EXERCISE INSTRUCTIONS:
An exact copy of the listing below is needed, with no pictures in it.

MATERIAL PROVIDED:
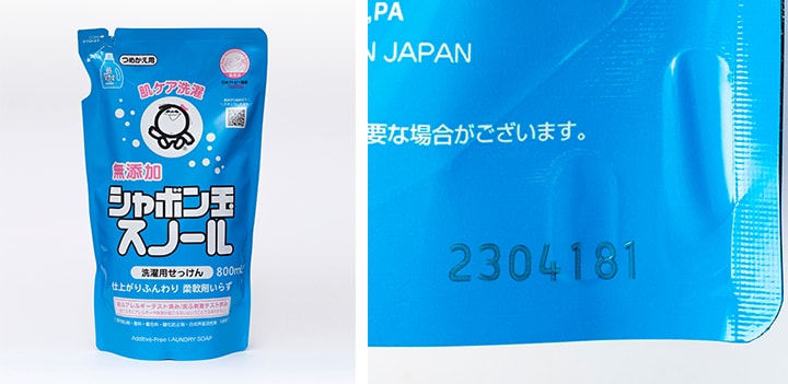 シャボン玉石けんのパッケージにUVレーザプリンタで日付印字をおこなっている。スタンドパウチの凹凸があるヒートシール部にもしっかり印字ができている。
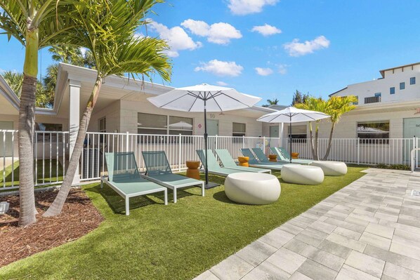 Does Studio w/ King Bed | Heated Pool, Steps to Beach! have a pool?
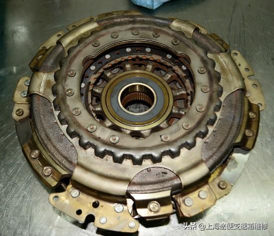 11. 这是取下的离合器,可以看到它表面烧蚀的很严重了,变黄发黑。

ANSWER SECTION:
 シャボン玉石けんのパッケージにUVレーザプリンタで日付印字をおこなっている。スタンドパウチの凹凸があるヒートシール部にもしっかり印字ができている。
 Does Studio w/ King Bed | Heated Pool, Steps to Beach! have a pool?
 11. 这是取下的离合器,可以看到它表面烧蚀的很严重了,变黄发黑。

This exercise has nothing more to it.